Они сели у камина, мужчины снова закурили свои трубки. Ветер снаружи завывал с небывалой силой. Когда где-то наверху хлопнула дверь, мистер Уайт подскочил от страха. Против обыкновения, они сидели молча, в гнетущей тишине, пока не пришло время ложиться спать.

— Наверняка ты найдешь деньги в большом кошельке, который будет лежать на кровати, — сказал отцу Герберт, пожелав родителям спокойной ночи. — А когда будешь прятать это свое незаконное приобретение, за тобой будет следить жуткий призрак, притаившийся на шкафу.

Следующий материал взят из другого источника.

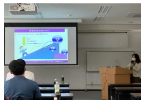
若い世代に向けた講習会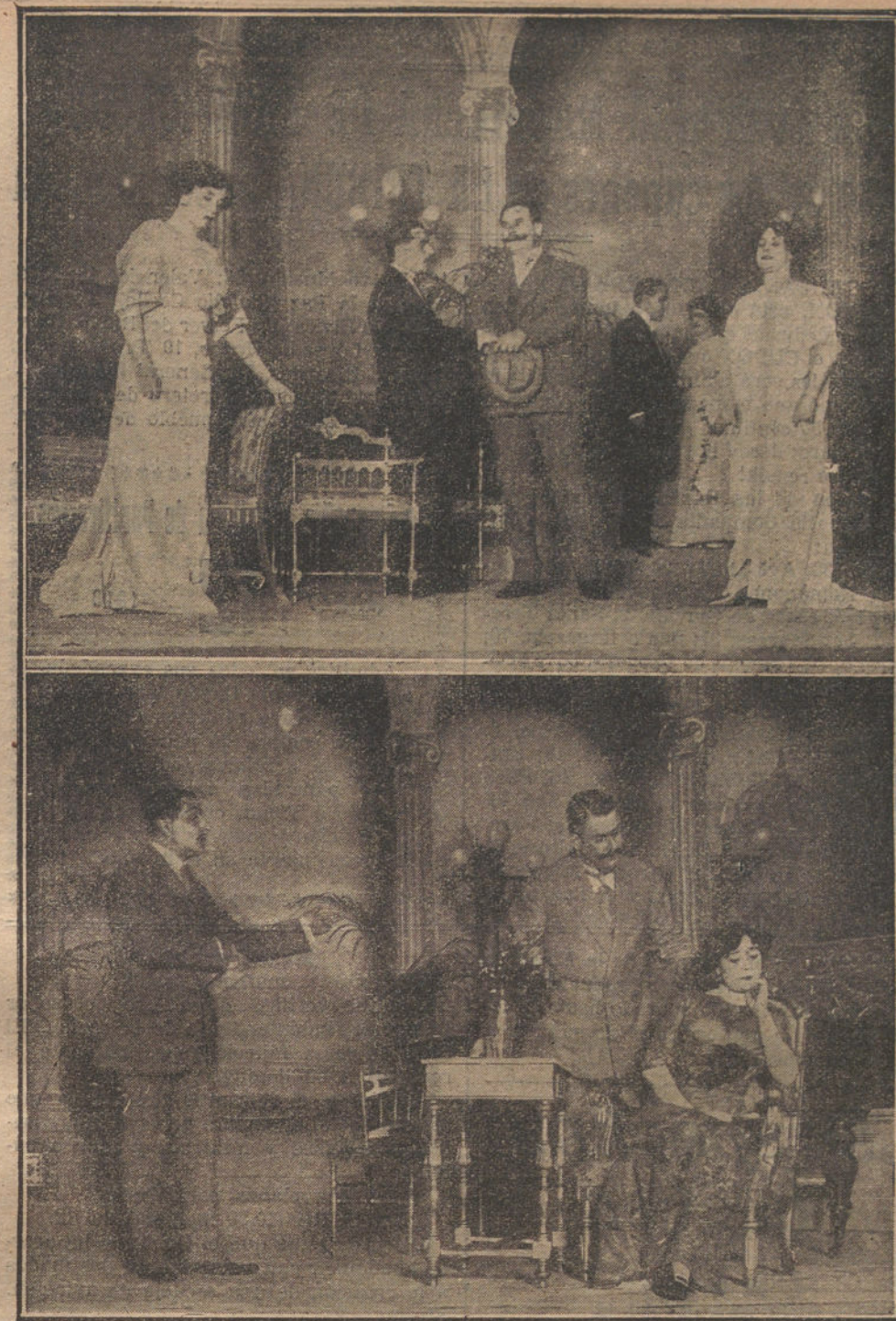
Escenas de «La Madeja», obra de doña So fia Casanova, estrenada ayer en el Teatro Español

sanova, yo sonreía interiormente con la sonrisa del hombre que sabe donde vive. Yo he conocido en Madrid, en París y en todas partes admirables improvisadores de la vida que obtienen siempre lo que se proponen, que hacen dinero, que enamoran mujeres y que triunfan de cualesquiera obstáculos que se les pongan por delante; hombres de prensa, animales de dominio, seres organizados para vencer constantemente donde quiera que estén. Donde quiera que estén, menos en Londres. A veces, cuando alguien me dice, comentando las hazañas de alguno de estos hombres, que no hay obstáculo para él, yo pregunto si «El» ha vivido en Londres, porque Londres es más fuerte que todo. Se puede vivir por procedimientos de excepción hasta en el Polo Sur, pero en Londres no. En Londres no vale el ser un César ni un Don Juan. Aquí hay que adquirir un «office» en la City, tomar una dactilografía y meterse en «business» o buscarse un empleo y resignarse a ganar tres ó cuatro libras semanales. Esto ó la muerte, por inanición.

Оставшись один, мистер Уайт сел, он смотрел в темноте на огонь, и ему чудились там какие-то лица. Одним из них была такая отвратительная обезьянья рожа, что его передернуло, но потом, смутившись, он рассмеялся и потянулся к столу за стаканом воды, чтобы плеснуть в камин и погасить угли; случайно коснувшись обезьяньей лапы, он вздрогнул, обтер руку о халат и поднялся в спальню.

II

На следующее утро за завтраком, при ярком свете зимнего солнца, мистеру Уайту стали смешны его вчерашние страхи. В столовой царила здоровая будничная атмосфера, совсем не то, что накануне, и сморщенная, грязная обезьянья лапа, валявшаяся на буфете, уже не внушала тревоги.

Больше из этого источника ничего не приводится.